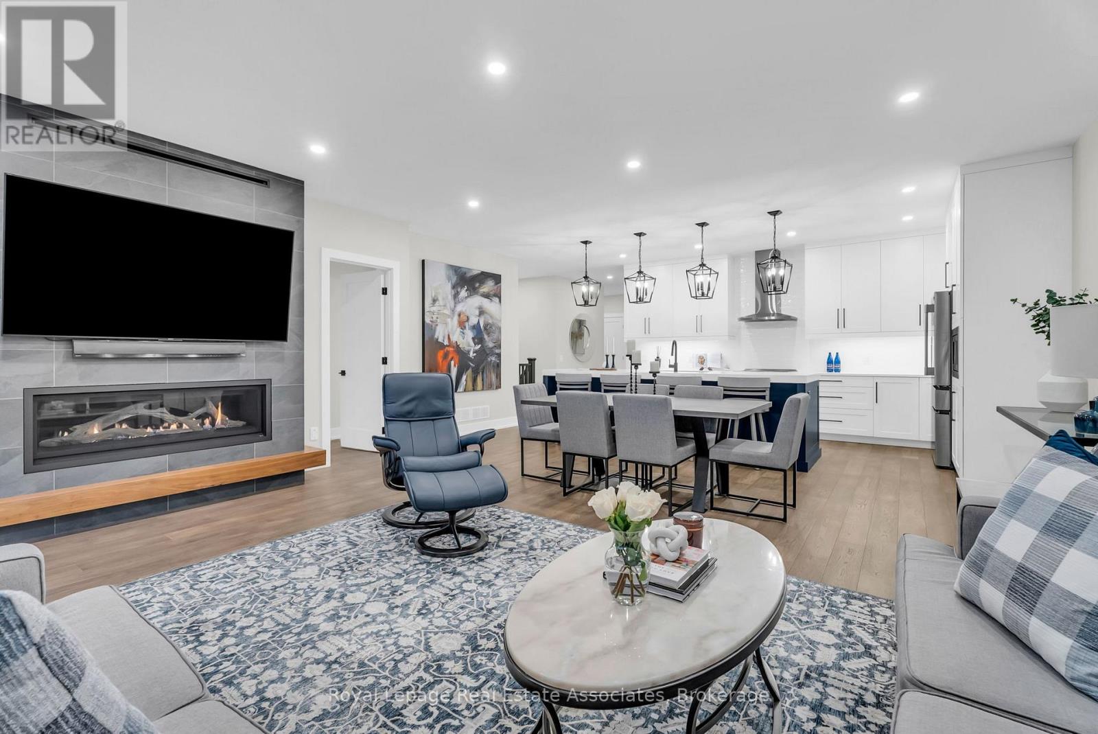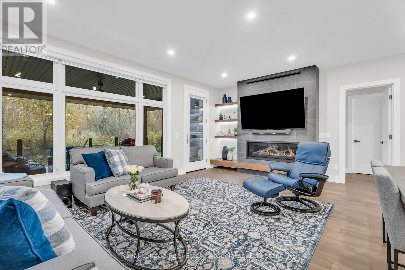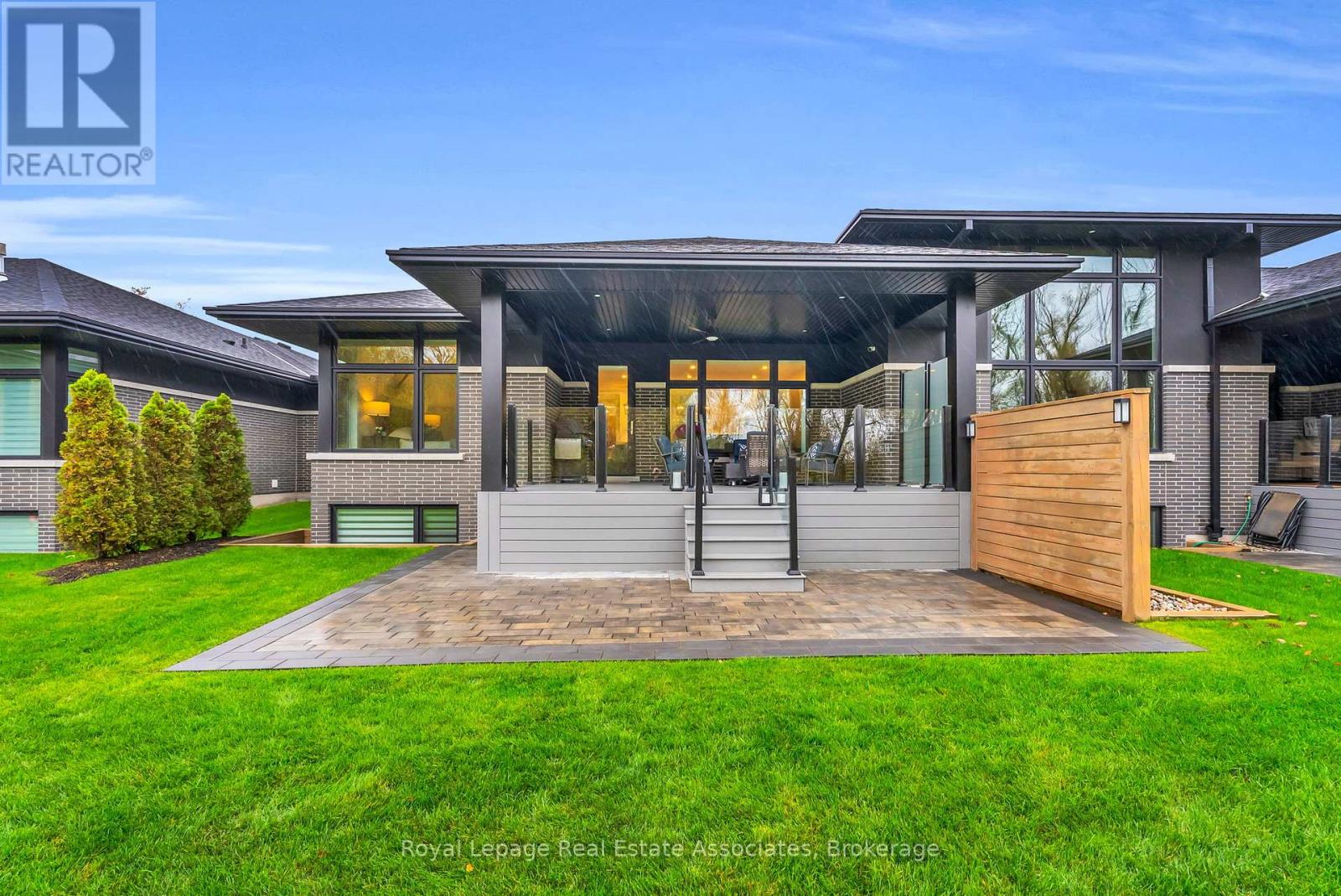 Welcome to this award-winning, Rinaldi-built luxury end-unit bungalow townhome, nestled in an exclusive community surrounded by protected green space. Only 4 years old, this home shows like new and features over $100,000 in premium upgrades. The main floor boasts 9' ceilings and includes 2 bedrooms, a fully upgraded kitchen with a stunning 10' island, and a spacious family room highlighted by a custom linear fireplace. The primary bedroom offers a walk-in closet and a luxurious ensuite with designer finishes. The finished basement impresses with 8' ceilings, an expansive recreation room, a full bathroom, and a large bedroom, providing ample space for guests or family. Additional upgrades include motorized window coverings, extensive pot lighting, and upgraded cabinetry and countertops throughout. Step outside to enjoy the morning sunrise from the 16' x 20' Trex deck or the lower patio, both overlooking a premium lot backing onto protected woodland-the perfect setting for peace and privacy. Experience ultimate 'lock and leave' lifestyle in this elegant bungalow townhome that is located minutes to all amenities. Forget exterior chores-the low maintenance fee covers your sprinkler system, grass cutting, snow removal. Enjoy sophisticated modern living with four key amenity rough-ins already complete: a central vacuum system, gas Stove, an elegant wet bar for effortless entertaining, and an electric vehicle (EV) charger in the garage. These spaces are professionally prepared for immediate installation and personalization. (id:4555)
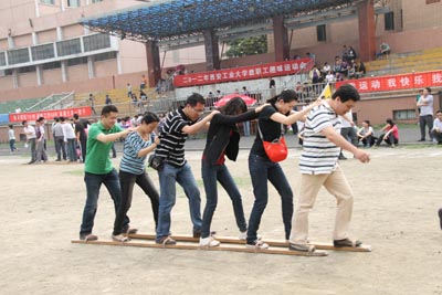 本次运动会本着“我运动、我快乐、我锻炼、我健康”的宗旨,设置了4个集体竞赛项目即赛龙舟、拍球投篮接力、50米障碍接力、托瓶30米接力跑,以及全员参加的校园健步行。这些项目让赛场气氛热烈有趣,参赛教职工欢声笑语,精诚团结,你争我赶。经过激烈的角逐,四个竞赛项目分别决出了一、二、三名,经管学院、图书馆工会获得了最佳组织奖,学校党政领导为获奖单位颁发了锦旗。
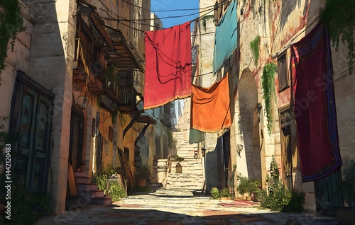 © sasisom, Fototapeta premium Sunlit Mediterranean Alleyway with Colorful Hanging Textiles

○ ○ ○ ○ ○

→ **Your assignment**
The expected answer is an unaltered copy of the listing, images removed.

→ **Result of this task**
 Welcome to this award-winning, Rinaldi-built luxury end-unit bungalow townhome, nestled in an exclusive community surrounded by protected green space. Only 4 years old, this home shows like new and features over $100,000 in premium upgrades. The main floor boasts 9' ceilings and includes 2 bedrooms, a fully upgraded kitchen with a stunning 10' island, and a spacious family room highlighted by a custom linear fireplace. The primary bedroom offers a walk-in closet and a luxurious ensuite with designer finishes. The finished basement impresses with 8' ceilings, an expansive recreation room, a full bathroom, and a large bedroom, providing ample space for guests or family. Additional upgrades include motorized window coverings, extensive pot lighting, and upgraded cabinetry and countertops throughout. Step outside to enjoy the morning sunrise from the 16' x 20' Trex deck or the lower patio, both overlooking a premium lot backing onto protected woodland-the perfect setting for peace and privacy. Experience ultimate 'lock and leave' lifestyle in this elegant bungalow townhome that is located minutes to all amenities. Forget exterior chores-the low maintenance fee covers your sprinkler system, grass cutting, snow removal. Enjoy sophisticated modern living with four key amenity rough-ins already complete: a central vacuum system, gas Stove, an elegant wet bar for effortless entertaining, and an electric vehicle (EV) charger in the garage. These spaces are professionally prepared for immediate installation and personalization. (id:4555)
 本次运动会本着“我运动、我快乐、我锻炼、我健康”的宗旨,设置了4个集体竞赛项目即赛龙舟、拍球投篮接力、50米障碍接力、托瓶30米接力跑,以及全员参加的校园健步行。这些项目让赛场气氛热烈有趣,参赛教职工欢声笑语,精诚团结,你争我赶。经过激烈的角逐,四个竞赛项目分别决出了一、二、三名,经管学院、图书馆工会获得了最佳组织奖,学校党政领导为获奖单位颁发了锦旗。
 © sasisom, Fototapeta premium Sunlit Mediterranean Alleyway with Colorful Hanging Textiles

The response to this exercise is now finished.